> EXERCISE INSTRUCTIONS
Please transcribe exactly the lines from the line holding "Ancient DNA of" through the end of the data below, and skip any pictures.

+++ RECORDS +++

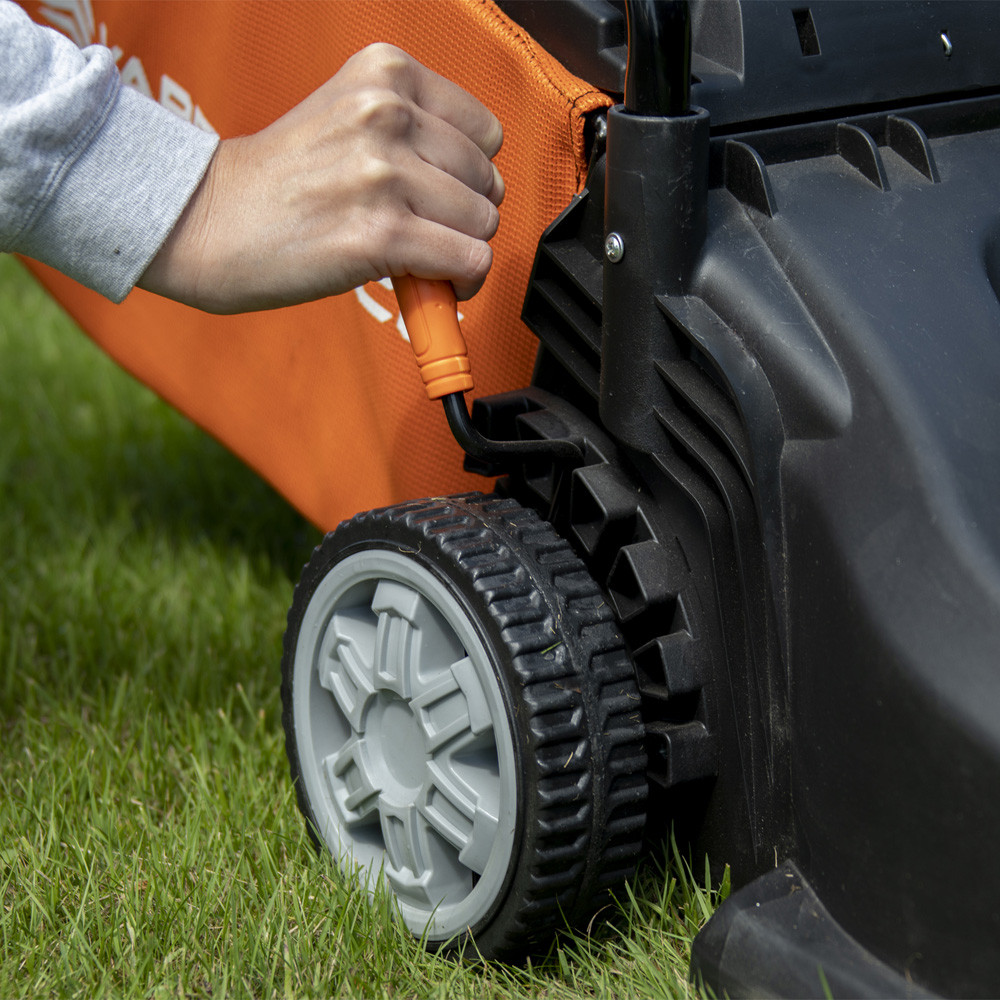 You can achieve a pristine lawn with the sharp steel blade, which provides an excellent cut and superior grass collection while minimising noise. You can customise your cutting heights, ranging from 25mm to 75mm, with central adjustments using a single lever to achieve the perfect look for your lawn throughout the seasons. The 40cm blade allows for five height adjustments.
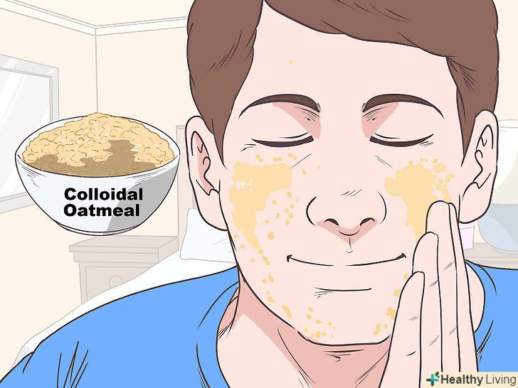 Використовуйте колоїдну вівсянку.колоїдна вівсянка виготовлена з вівсяних пластівців дрібного помелу, щоб вони могли розчинитися або суспендувати у воді або лосьйоні. Дослідження показали, що колоїдна вівсянка має антиоксидантні та протизапальні властивості, які полегшать свербіж. Нанесіть насухо лосьйон, в складі якого є колоїдна вівсянка. Або додайте висушену колоїдну вівсянку в теплу ванну.[3]- Щоб пом'якшити шкіру, у ванну також можна також додати солі для ванн без запаху, харчову соду або оцет.
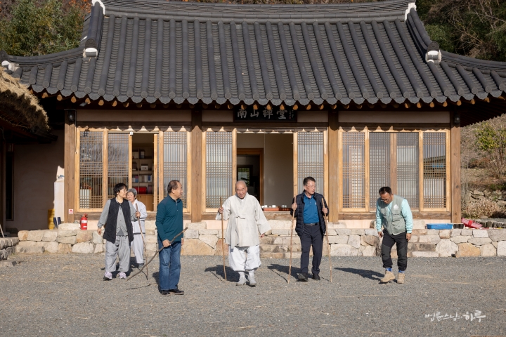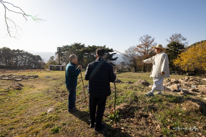 스님은 두 분에게 미리 준비해 온 지팡이를 건넸습니다. 지팡이를 잡고 조심조심 산길을 내려오자 곧 산 중턱에 위치한 넓은 평지가 나타났습니다.
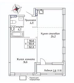 Продаётся 1-комнатная квартира в строящемся доме (Дом 1), срок сдачи: III-кв. 2026, общей площадью 52.3 кв.м., на 9 этаже. ЖК "Новый" - это:
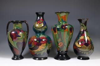 w.b. vazen en hangjardinierre. Allen uitgevoerd met geschilderde florale decoratie.
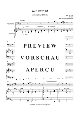 Ave verum - Sheet Music for Cello + Klavier Wolfgang Amadeus Mozart
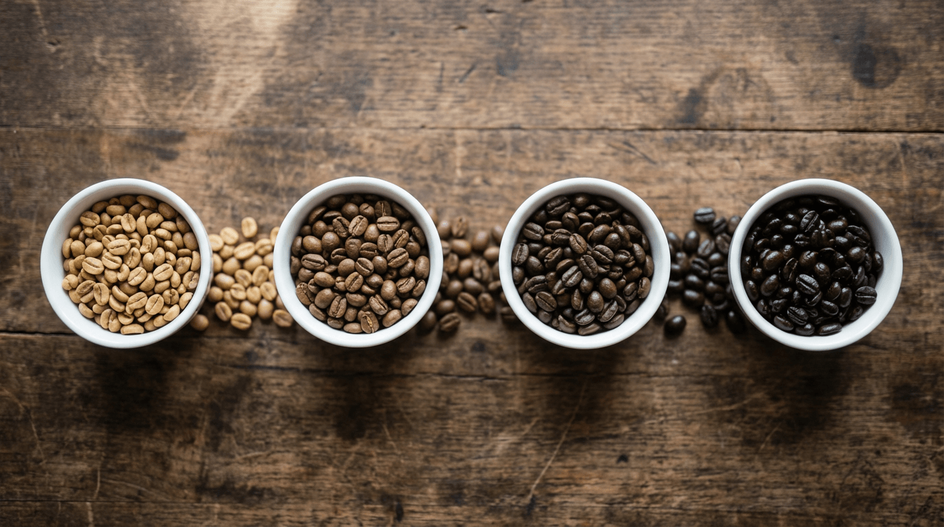 Learn all 4 coffee roast levels from light to dark with our visual chart. Compare flavors, temperatures, and acidity to find your perfect roast.
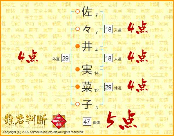 佐(7画)々(7画)井(4画) 実(14画)菜(12画)子(3画)
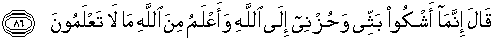 86. Ya'qub menjawab: "Sesungguhnya hanyalah kepada Allah aku mengadukan kesusahan dan kesedihanku, dan aku mengetahui dari Allah apa yang kamu tiada mengetahuinya."
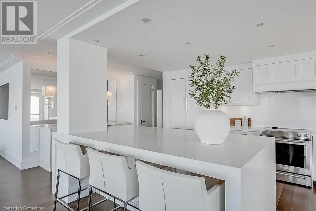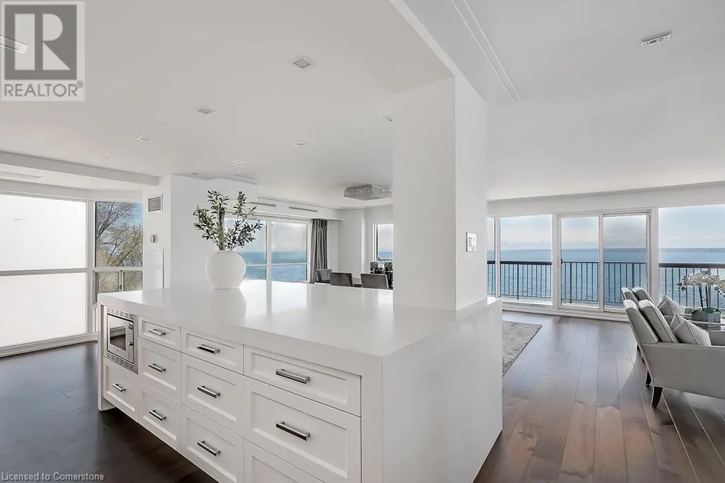 Discover a unique chance to own a beautifully renovated 2,000 sq. ft. residence in one of Burlington’s most sought after buildings on Burlington’s waterfront, just steps from the vibrant downtown core. This elegant 2 bedroom, 2.5 bath unit offers breathtaking south facing views of the lake, the Pier, and even Niagara Falls on a clear day. Every inch of this
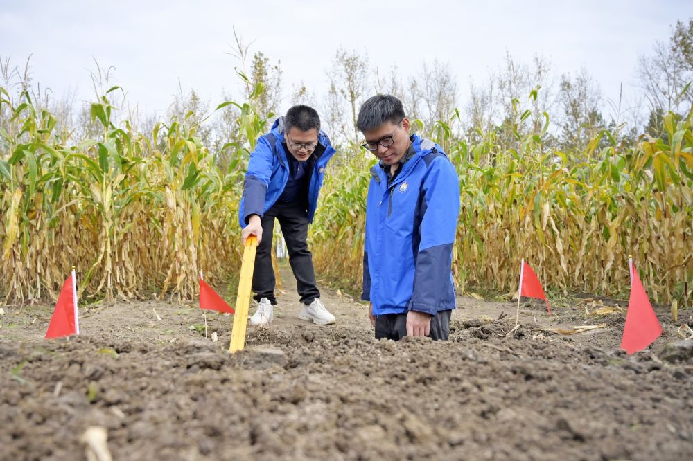 9月29日,研究人員在位于佳木斯市樺南縣的曙光農(nóng)場查看田塊剖面。新華社記者石楓 攝
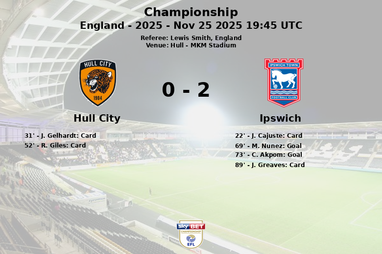 Hull, Angleterre – Lors d’un match disputé au MKM Stadium sous l’œil attentif de l’arbitre Lewis Smith, Ipswich a dépassé Hull City avec un score de 2-0 lors de la 17e journée de Championship. Le match, correspondant à la saison 2025, a été caractérisé par une première mi-temps relativement équilibrée, marquée par deux cartons jaunes, un pour J. Cajuste d’Ipswich et un autre pour J. Gelhardt de Hull City.
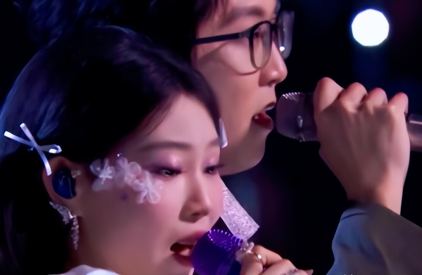 舞台上,毛不易和沈佳润要合作演唱那首经典的《不染》。
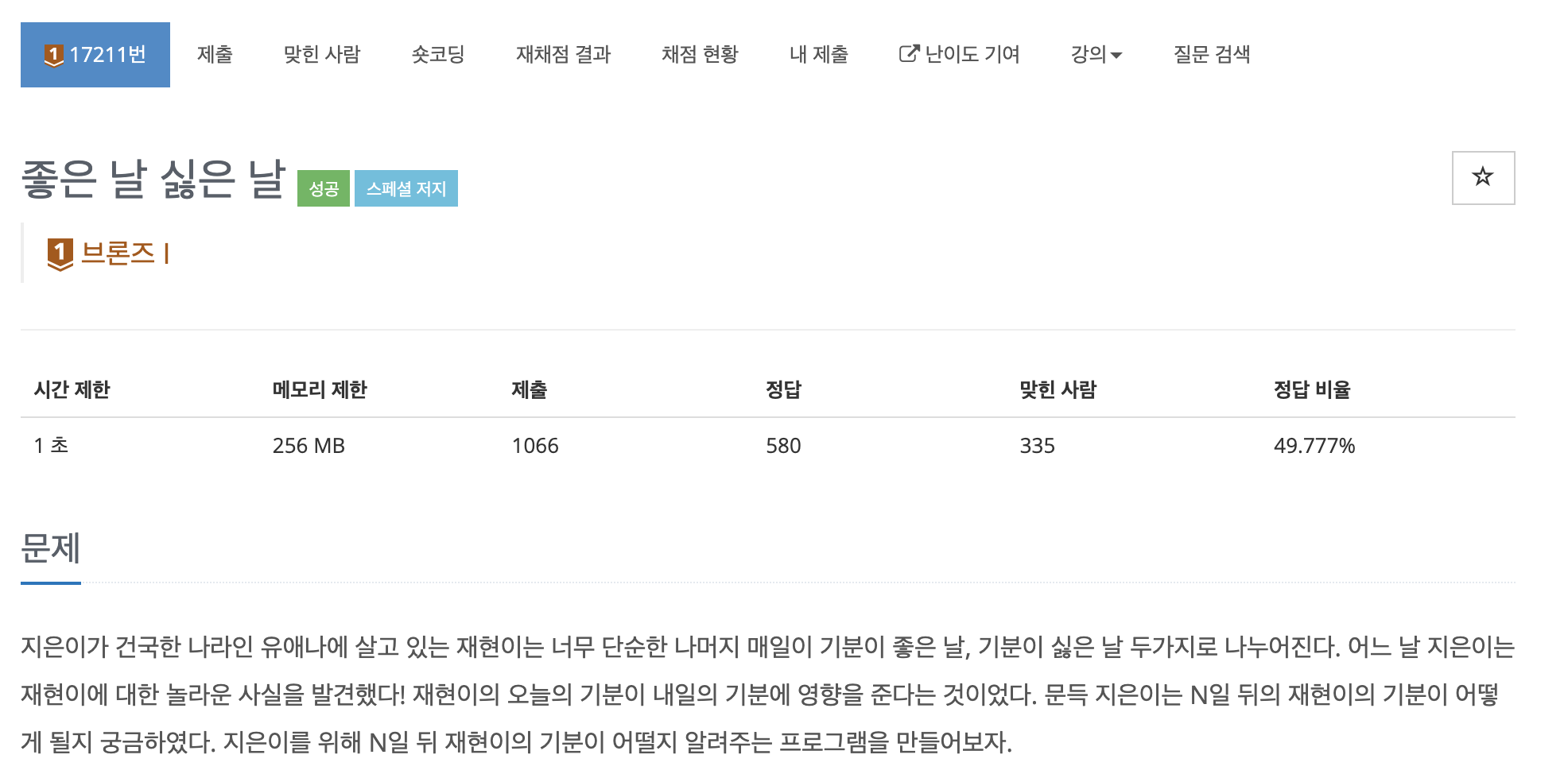 g_g, g_b, b_g, b_b은 각각 좋은날일 때 또 좋은날일 확률, 좋은날일 때 나쁜날일 확률, 싫은날인데 좋은날을 확률, 싫은날이고 또 싫을날을 확률을 의미한다.
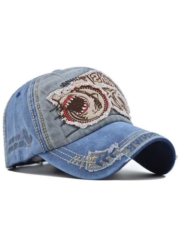Vintage Shark Embroidered Distressed Baseball Cap quantity
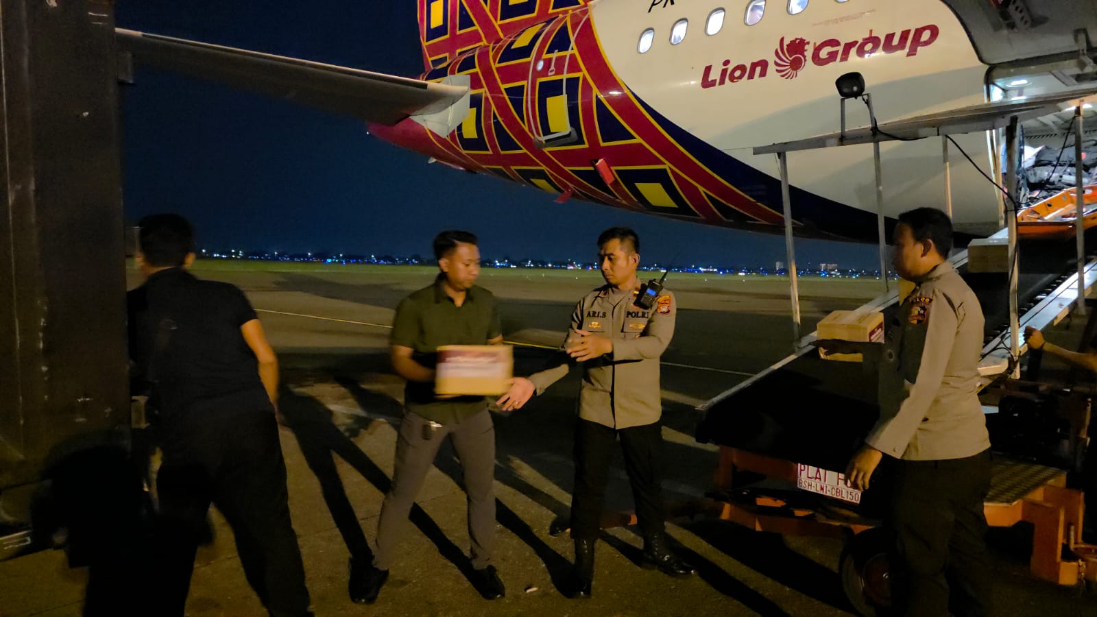 Pada pukul 22.20 WIB, logistik berupa makanan siap saji dan lampu penerangan telah memasuki pesawat Charter Flight Batik Air dengan nomor penerbangan ID8350.
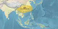 Ancient DNA of first farmer individuals from Mainland Southeast Asia dated at c. 4kya derives most of its ancestry from the ASEA lineage, with significant admixture from a local hunter-gatherer population.[lower-alpha 1] This Neolithic Mainland Southeast Asian ancestry peaks among modern populations in Austroasiatic-speaking groups of Southeast Asia (most notably in the Mlabri and Htin peoples in northern Laos and Thailand) and parts of East Asia and South Asia. Hence, the first spread of farming in Mainland Southeast Asia is widely assumed to be linked to the expansion of the Austroasiatic languages.[8][6] From Mainland Southeast Asia, this Austroasiatic-related ancestry spread into Insular Southeast Asia to the Sunda Islands,[8] adjacent areas (viz. Palawan, Mindanao) of the Philippines,[11] and western Wallacea,[12][13] although there are no remaining Austroasiatic languages spoken in this area, having been supplanted by incoming Austronesian languages.
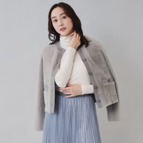中肉感のシャギーモール使いのジャケットライクなニットカーディガン。
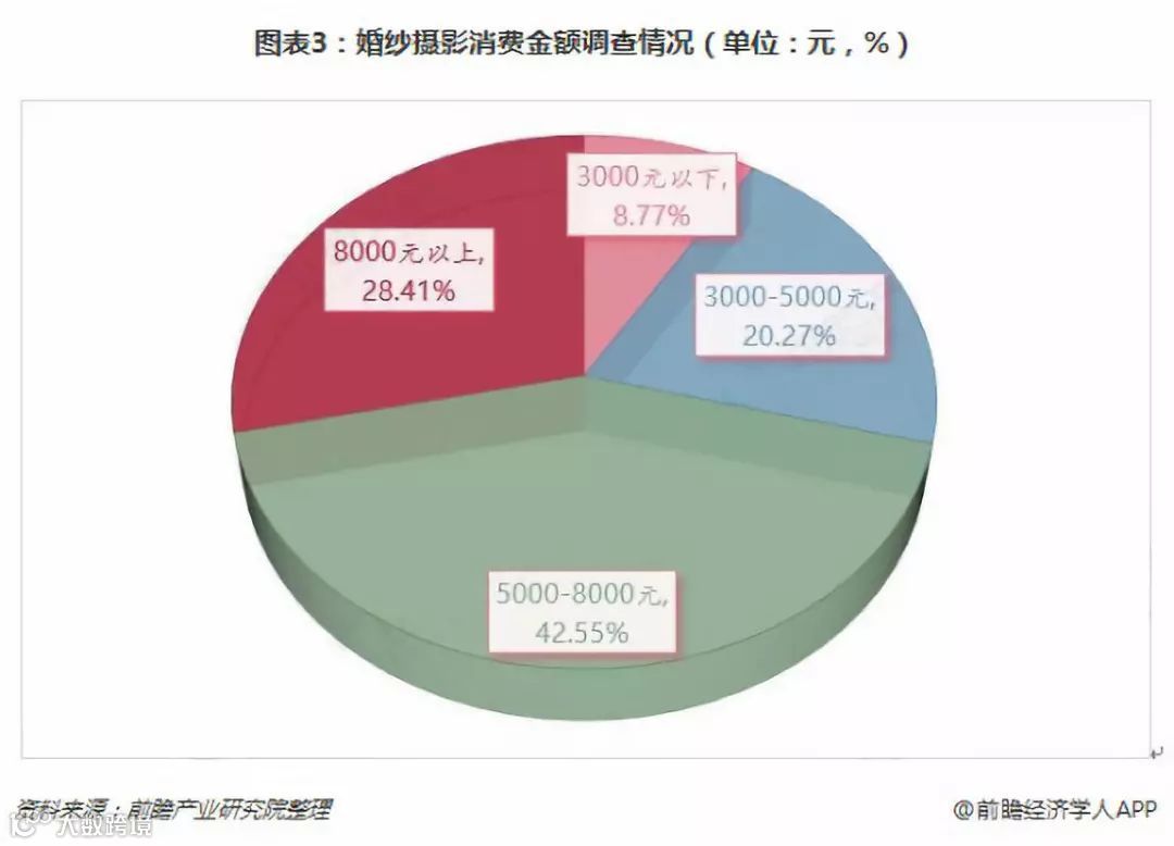 数据显示,近年来每对新人婚礼的平均开销是7.6万。在拍摄婚纱照的新人中,接近一半的新人消费5000-8000元,接近1/3的人消费8000元以上。

+++

> THE ANSWER
 Ancient DNA of first farmer individuals from Mainland Southeast Asia dated at c. 4kya derives most of its ancestry from the ASEA lineage, with significant admixture from a local hunter-gatherer population.[lower-alpha 1] This Neolithic Mainland Southeast Asian ancestry peaks among modern populations in Austroasiatic-speaking groups of Southeast Asia (most notably in the Mlabri and Htin peoples in northern Laos and Thailand) and parts of East Asia and South Asia. Hence, the first spread of farming in Mainland Southeast Asia is widely assumed to be linked to the expansion of the Austroasiatic languages.[8][6] From Mainland Southeast Asia, this Austroasiatic-related ancestry spread into Insular Southeast Asia to the Sunda Islands,[8] adjacent areas (viz. Palawan, Mindanao) of the Philippines,[11] and western Wallacea,[12][13] although there are no remaining Austroasiatic languages spoken in this area, having been supplanted by incoming Austronesian languages.
中肉感のシャギーモール使いのジャケットライクなニットカーディガン。
 数据显示,近年来每对新人婚礼的平均开销是7.6万。在拍摄婚纱照的新人中,接近一半的新人消费5000-8000元,接近1/3的人消费8000元以上。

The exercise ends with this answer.